A new window will show a list of all the Genera. Select just the genus of interest to plot its relative abundance.

Q9) Save this boxplot by going to File -> Save plot...

In the next section we'll be reading in the HUMAnN2 output into STAMP - it's easier to close and reopen STAMP when reading in new files.

Analyzing a Subset of the HUMAnN2 output

Similar analyses can be run on the pathway abundances identified with HUMAnN2 as above. To begin with we can join all individual tables into a single table as above.

humann2_join_tables --input precalculated/humann2_out/ --file_name pathabundance --output humann2_pathabundance.tsv

Then we'll want to normalize each sample into relative abundance (so that the counts for each sample sum to 100).

humann2_renorm_table --input humann2_pathabundance.tsv --units relab --output humann2_pathabundance_relab.tsv

We could read this entire table (after running the reformatting commands below) and run similar analyses as we did above.

However, since HUMAnN2 yields functions stratified by taxa we could limit ourselves just to those functions that were found within the genus Streptococcus in order to focus on the above finding with the Metaphlan2 data. You could once again use grep to slice out only those pathways that are linked to this genus specifically.

In addition, more focused analyses could be based off of prior knowledge. For instance, pathways related to sugar degradation are especially of interest in the oral microbiome due to its relationship with dental health. We will test for differences between cancer and normal samples in STAMP similar to the earlier analysis based on this approach.

First an unstratified version of the pathway abundance table needs to be generated (the below command will also create a stratified version only in the same directory):

humann2_split_stratified_table --input humann2_pathabundance_relab.tsv --output ./

Then we can parse out the headerline and any lines matching the pathway of interest (LACTOSECAT-PWY: lactose and galactose degradation I).

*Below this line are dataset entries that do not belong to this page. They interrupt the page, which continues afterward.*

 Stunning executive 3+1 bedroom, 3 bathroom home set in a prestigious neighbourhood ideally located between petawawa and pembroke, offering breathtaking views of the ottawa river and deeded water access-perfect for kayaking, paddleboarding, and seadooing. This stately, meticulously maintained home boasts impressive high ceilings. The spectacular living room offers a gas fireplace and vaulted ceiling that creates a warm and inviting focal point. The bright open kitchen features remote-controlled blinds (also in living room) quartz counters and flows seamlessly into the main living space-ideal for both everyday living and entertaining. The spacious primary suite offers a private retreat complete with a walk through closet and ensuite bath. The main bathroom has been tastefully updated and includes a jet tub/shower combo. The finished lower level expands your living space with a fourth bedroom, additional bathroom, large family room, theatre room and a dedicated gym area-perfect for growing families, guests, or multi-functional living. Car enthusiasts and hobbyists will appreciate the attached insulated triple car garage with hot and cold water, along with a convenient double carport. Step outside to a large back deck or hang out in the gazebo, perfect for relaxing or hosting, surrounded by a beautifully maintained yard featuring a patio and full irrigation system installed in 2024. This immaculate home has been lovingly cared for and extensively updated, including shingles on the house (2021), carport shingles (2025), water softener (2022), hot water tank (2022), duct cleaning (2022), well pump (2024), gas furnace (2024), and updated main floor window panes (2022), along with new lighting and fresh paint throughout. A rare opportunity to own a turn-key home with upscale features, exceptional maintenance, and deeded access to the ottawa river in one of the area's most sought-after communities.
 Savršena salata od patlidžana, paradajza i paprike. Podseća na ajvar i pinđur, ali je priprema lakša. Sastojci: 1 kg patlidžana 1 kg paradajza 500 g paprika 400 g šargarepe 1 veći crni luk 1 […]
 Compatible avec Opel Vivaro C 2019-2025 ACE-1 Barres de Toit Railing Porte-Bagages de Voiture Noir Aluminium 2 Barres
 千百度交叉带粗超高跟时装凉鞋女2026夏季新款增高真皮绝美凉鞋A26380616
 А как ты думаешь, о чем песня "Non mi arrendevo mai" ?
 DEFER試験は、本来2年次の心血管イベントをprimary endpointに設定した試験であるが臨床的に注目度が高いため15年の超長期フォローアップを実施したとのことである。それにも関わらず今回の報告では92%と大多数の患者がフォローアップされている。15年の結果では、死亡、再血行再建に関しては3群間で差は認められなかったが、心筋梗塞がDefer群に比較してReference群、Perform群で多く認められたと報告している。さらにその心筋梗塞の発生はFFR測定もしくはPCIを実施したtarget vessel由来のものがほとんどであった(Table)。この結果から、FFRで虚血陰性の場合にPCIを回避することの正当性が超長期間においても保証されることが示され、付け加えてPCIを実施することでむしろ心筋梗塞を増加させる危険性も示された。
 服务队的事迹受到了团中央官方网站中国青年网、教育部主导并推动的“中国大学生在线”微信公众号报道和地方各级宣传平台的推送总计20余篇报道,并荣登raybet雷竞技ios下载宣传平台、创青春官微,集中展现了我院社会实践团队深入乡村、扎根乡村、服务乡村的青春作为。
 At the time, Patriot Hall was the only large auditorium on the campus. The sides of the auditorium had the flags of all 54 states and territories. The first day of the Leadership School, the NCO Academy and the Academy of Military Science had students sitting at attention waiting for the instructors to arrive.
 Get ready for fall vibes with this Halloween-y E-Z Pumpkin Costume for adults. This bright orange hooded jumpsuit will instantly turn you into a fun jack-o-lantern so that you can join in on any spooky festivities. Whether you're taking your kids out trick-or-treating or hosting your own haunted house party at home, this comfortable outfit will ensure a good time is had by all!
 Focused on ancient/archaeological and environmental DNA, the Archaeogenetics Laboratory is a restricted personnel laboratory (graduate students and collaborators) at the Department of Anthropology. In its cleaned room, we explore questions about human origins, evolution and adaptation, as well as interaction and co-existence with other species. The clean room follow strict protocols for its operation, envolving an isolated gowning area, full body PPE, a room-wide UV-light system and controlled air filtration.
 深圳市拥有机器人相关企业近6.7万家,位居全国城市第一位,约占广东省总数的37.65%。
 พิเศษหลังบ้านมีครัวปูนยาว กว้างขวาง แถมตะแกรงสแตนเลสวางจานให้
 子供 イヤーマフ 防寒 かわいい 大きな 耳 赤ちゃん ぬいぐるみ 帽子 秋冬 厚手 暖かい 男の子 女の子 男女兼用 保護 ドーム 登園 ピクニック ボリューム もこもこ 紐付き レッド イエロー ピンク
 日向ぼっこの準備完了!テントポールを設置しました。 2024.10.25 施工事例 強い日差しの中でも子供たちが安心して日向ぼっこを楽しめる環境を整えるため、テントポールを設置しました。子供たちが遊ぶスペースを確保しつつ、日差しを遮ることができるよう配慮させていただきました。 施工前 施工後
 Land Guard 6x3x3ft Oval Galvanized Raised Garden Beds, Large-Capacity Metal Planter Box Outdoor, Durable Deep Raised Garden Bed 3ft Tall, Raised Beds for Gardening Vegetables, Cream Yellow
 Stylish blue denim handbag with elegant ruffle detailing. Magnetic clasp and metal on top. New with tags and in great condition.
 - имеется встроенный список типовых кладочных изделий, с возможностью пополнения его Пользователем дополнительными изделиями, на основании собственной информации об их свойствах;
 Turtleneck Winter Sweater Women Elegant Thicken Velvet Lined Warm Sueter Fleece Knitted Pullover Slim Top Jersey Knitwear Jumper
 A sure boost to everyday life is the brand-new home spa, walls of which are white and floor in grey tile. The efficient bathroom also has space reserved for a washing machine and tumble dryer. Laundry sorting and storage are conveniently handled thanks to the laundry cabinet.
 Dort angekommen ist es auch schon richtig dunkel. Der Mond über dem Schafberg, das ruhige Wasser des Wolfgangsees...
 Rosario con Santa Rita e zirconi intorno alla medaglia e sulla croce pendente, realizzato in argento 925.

head -n 1 humann2_pathabundance_relab_unstratified.tsv >> humann2_pathabundance_relab_LACTOSECAT-PWY.tsv
grep "LACTOSECAT-PWY" humann2_pathabundance_relab_unstratified.tsv >> humann2_pathabundance_relab_LACTOSECAT-PWY.tsv

Using sed to make string replacements we can also format the header-line for input into STAMP.

sed 's/_Abundance//g' humann2_pathabundance_relab_LACTOSECAT-PWY.tsv >  humann2_pathabundance_relab_LACTOSECAT-PWY.spf
sed -i 's/# Pathway/MetaCyc_pathway/' humann2_pathabundance_relab_LACTOSECAT-PWY.spf

Read file into STAMP as before with the mapping file.

Q10) Run a two-sided Welch's t-test between sample types for this pathway. What is the P-value?